YOUR ASSIGNMENT:
Starting at the line with "FINANCEIRO > Planejamento" and ending at the line with "Dieses Werk zeigt", print exactly the lines of the entries below. Pictures do not belong in the copy.

*** DATASET EXCERPTS ***

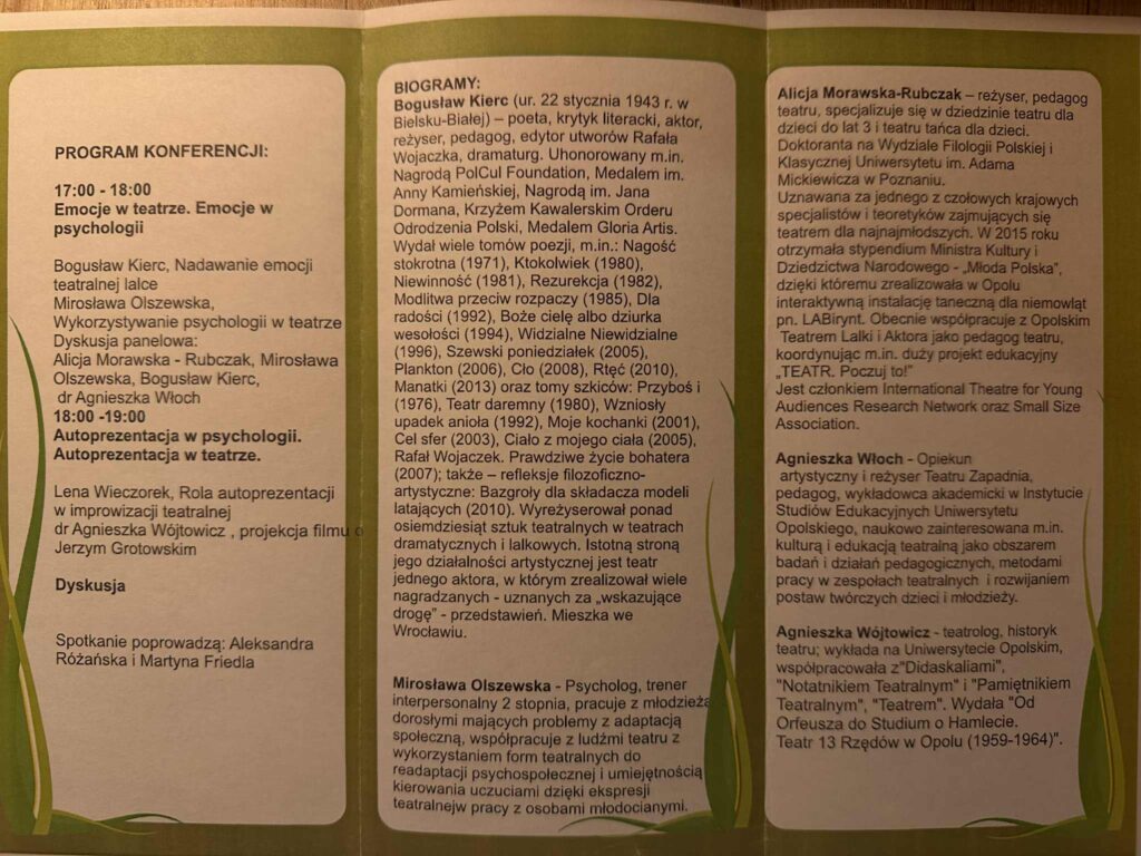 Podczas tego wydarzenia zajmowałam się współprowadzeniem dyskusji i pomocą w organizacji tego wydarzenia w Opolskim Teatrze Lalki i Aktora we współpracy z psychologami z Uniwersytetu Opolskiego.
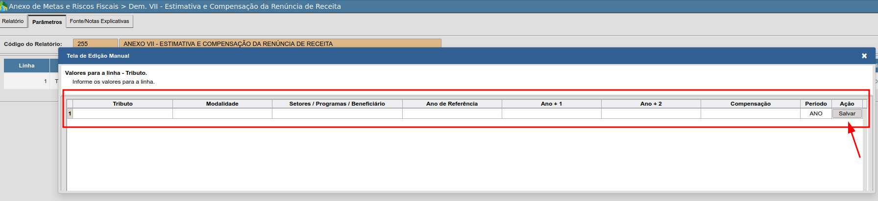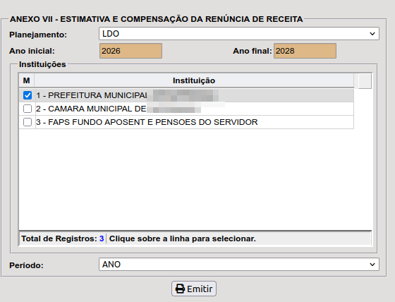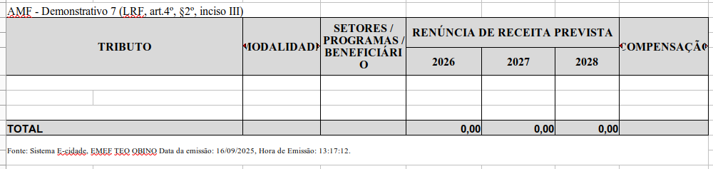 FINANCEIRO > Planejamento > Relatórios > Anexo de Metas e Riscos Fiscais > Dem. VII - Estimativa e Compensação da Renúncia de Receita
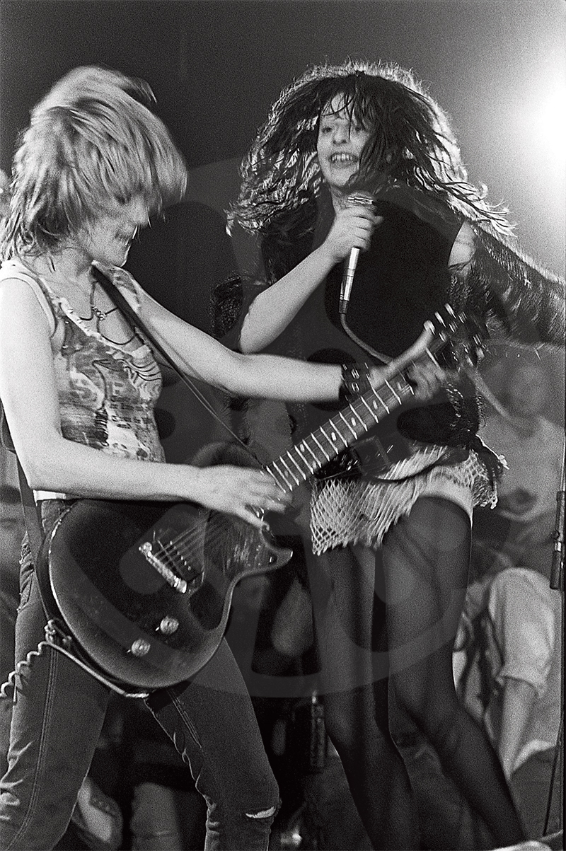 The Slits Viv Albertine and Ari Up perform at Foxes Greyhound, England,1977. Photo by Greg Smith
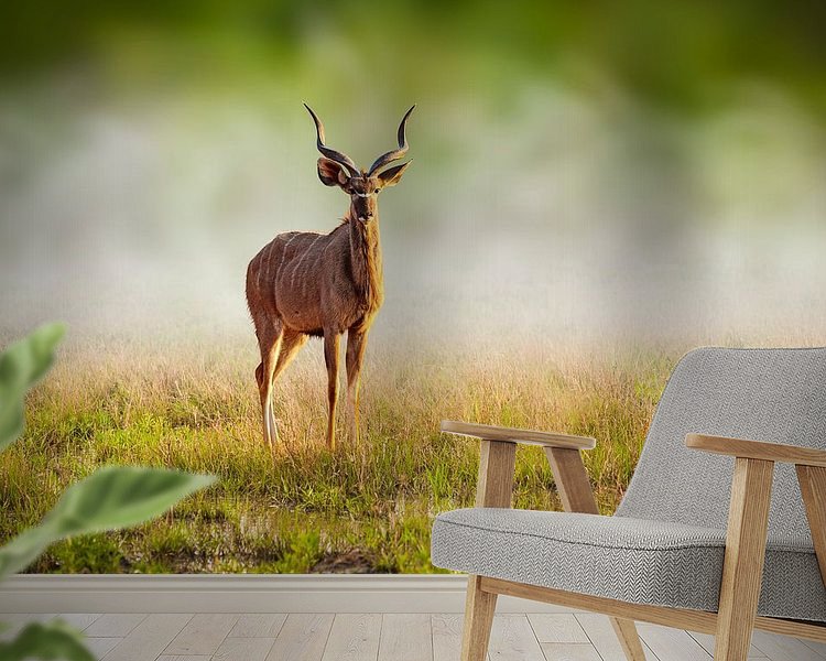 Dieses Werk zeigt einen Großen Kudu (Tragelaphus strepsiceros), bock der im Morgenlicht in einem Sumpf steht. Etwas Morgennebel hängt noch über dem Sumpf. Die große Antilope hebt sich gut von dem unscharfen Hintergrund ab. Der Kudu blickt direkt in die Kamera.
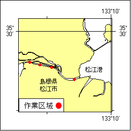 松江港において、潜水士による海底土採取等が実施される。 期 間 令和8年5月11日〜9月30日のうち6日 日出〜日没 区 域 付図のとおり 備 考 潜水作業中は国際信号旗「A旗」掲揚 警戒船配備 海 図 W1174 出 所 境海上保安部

*** End of DATASET EXCERPTS ***
*** DATASET EXCERPTS ***

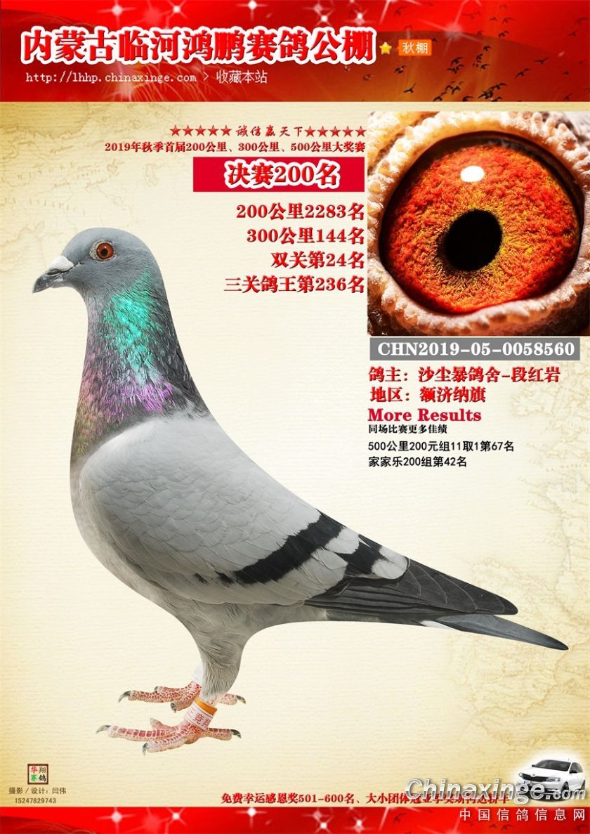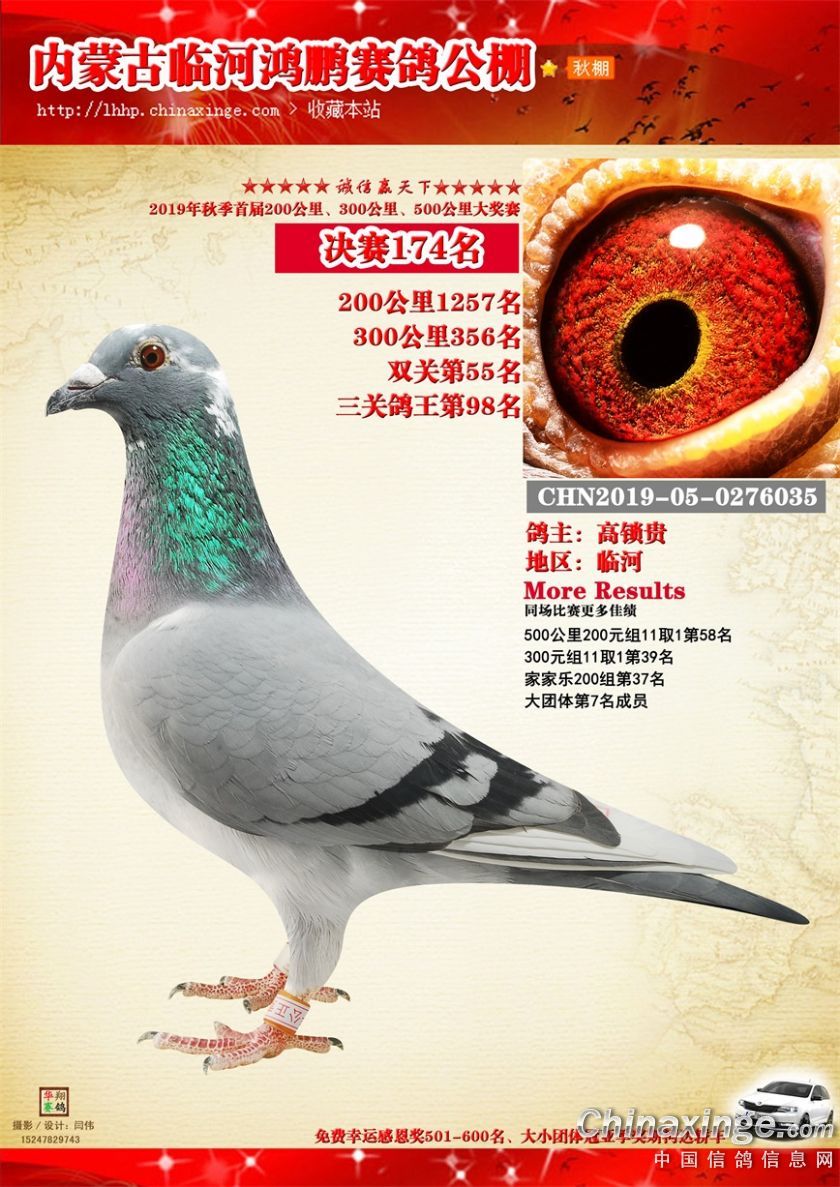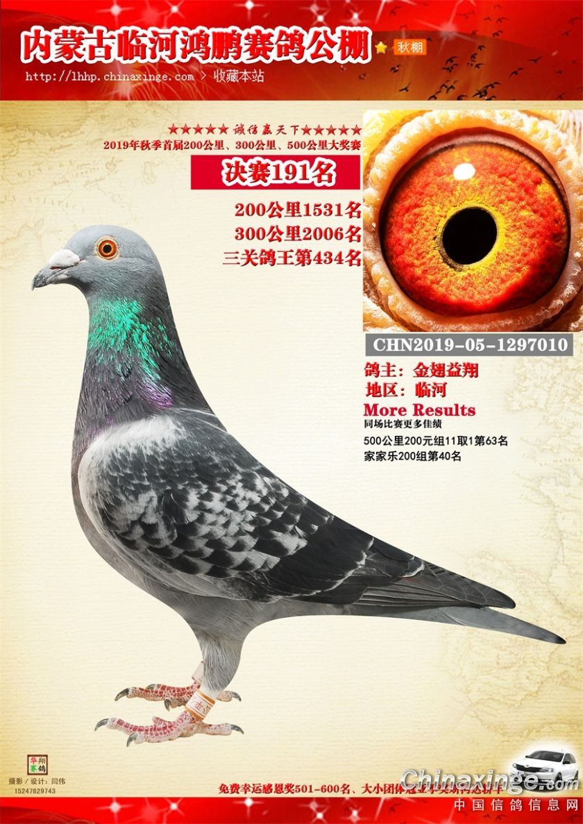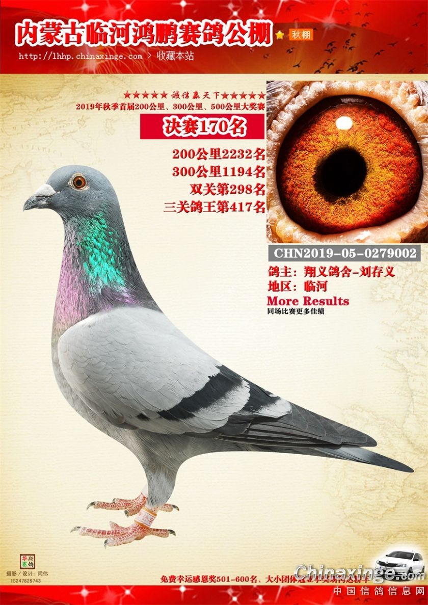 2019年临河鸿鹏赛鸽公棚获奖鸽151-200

*** End of DATASET EXCERPTS ***

ANSWER TO THIS PROBLEM:
 FINANCEIRO > Planejamento > Relatórios > Anexo de Metas e Riscos Fiscais > Dem. VII - Estimativa e Compensação da Renúncia de Receita
 The Slits Viv Albertine and Ari Up perform at Foxes Greyhound, England,1977. Photo by Greg Smith
 Dieses Werk zeigt einen Großen Kudu (Tragelaphus strepsiceros), bock der im Morgenlicht in einem Sumpf steht. Etwas Morgennebel hängt noch über dem Sumpf. Die große Antilope hebt sich gut von dem unscharfen Hintergrund ab. Der Kudu blickt direkt in die Kamera.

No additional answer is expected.